**ASSIGNED TASK:** Print the data below verbatim, minus images.

**DATASET SECTION:**
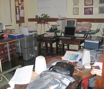 While San Agustin was a great place to vacation, er, work, it was slightly less than ideal for running a room full of electronic equipment. (Served us right.) The electric power was usually 120 volts, but it started to fall off around late afternoon when everyone started turning on lights and televisions. We had all of our computers on uninterruptible power supplies, and they were able to boost the voltage back up to 120 volts and keep things running, but only to a certain point. Once the voltage got down to around 90 volts they would switch to battery power. At that point it was time to shut everything down until about midnight. Once people started going to bed the voltage would come back up enough to where everything could be restarted.
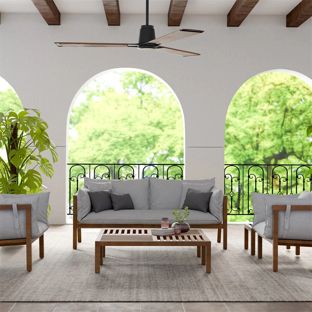 • Luna Coastal Natural Oak Blades White Iron Ceiling Fan - 56"|Kathy Kuo Home
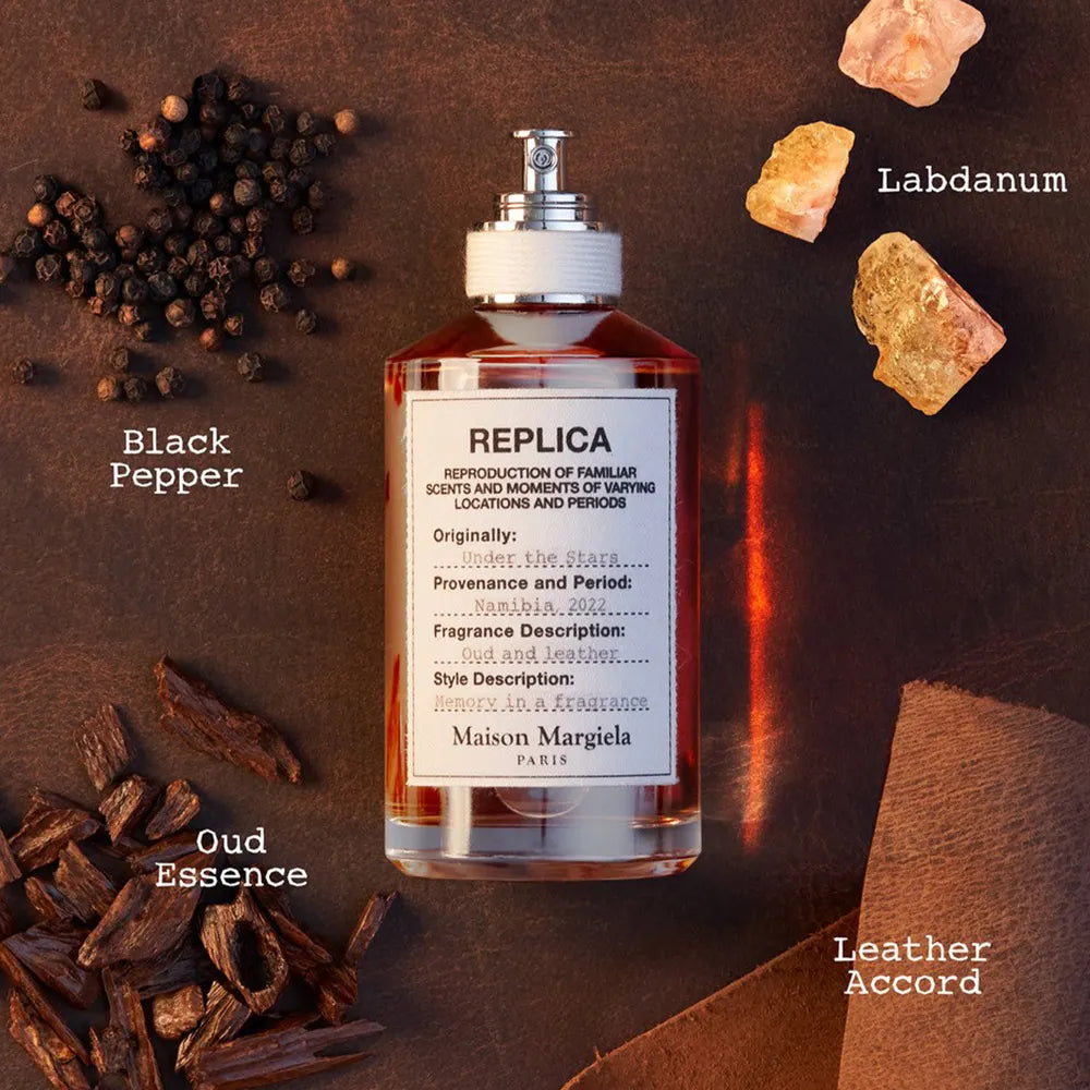 Under The Stars è un’Eau de Toilette unisex appartenente alla collezione Replica di Maison Margiela. È una fragranza orientale‑legnosa, intensa e avvolgente, con note di oud, cuoio, ambra e spezie, che ricreano l’atmosfera di una notte stellata immersa nella natura selvaggia.
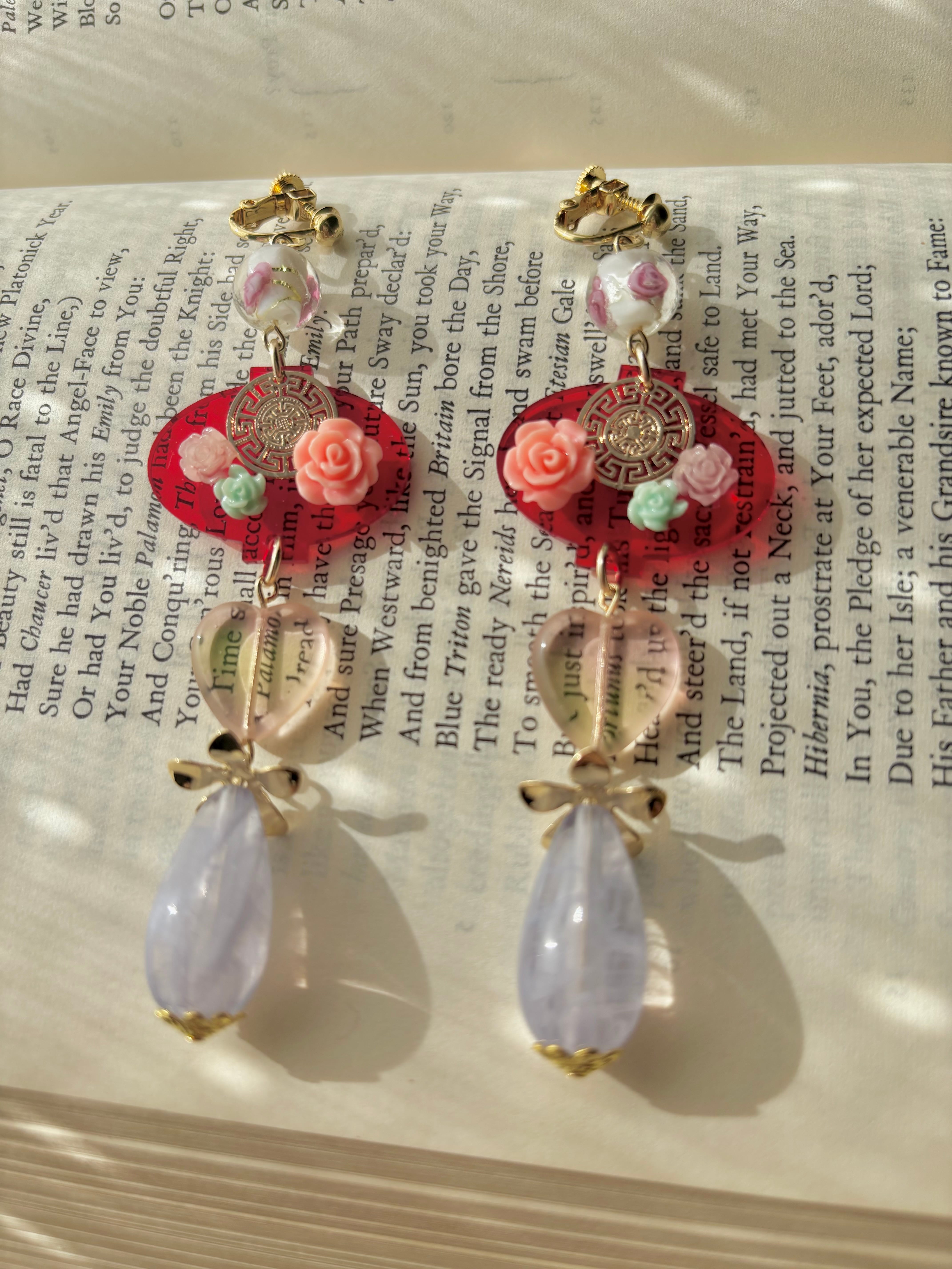 ネジばね式イヤリング、フックピアス、樹脂フックピアスからお選びいただき、備考にてお申し付けください。

**YOUR SOLUTION:**
 While San Agustin was a great place to vacation, er, work, it was slightly less than ideal for running a room full of electronic equipment. (Served us right.) The electric power was usually 120 volts, but it started to fall off around late afternoon when everyone started turning on lights and televisions. We had all of our computers on uninterruptible power supplies, and they were able to boost the voltage back up to 120 volts and keep things running, but only to a certain point. Once the voltage got down to around 90 volts they would switch to battery power. At that point it was time to shut everything down until about midnight. Once people started going to bed the voltage would come back up enough to where everything could be restarted.
 • Luna Coastal Natural Oak Blades White Iron Ceiling Fan - 56"|Kathy Kuo Home
 Under The Stars è un’Eau de Toilette unisex appartenente alla collezione Replica di Maison Margiela. È una fragranza orientale‑legnosa, intensa e avvolgente, con note di oud, cuoio, ambra e spezie, che ricreano l’atmosfera di una notte stellata immersa nella natura selvaggia.
 ネジばね式イヤリング、フックピアス、樹脂フックピアスからお選びいただき、備考にてお申し付けください。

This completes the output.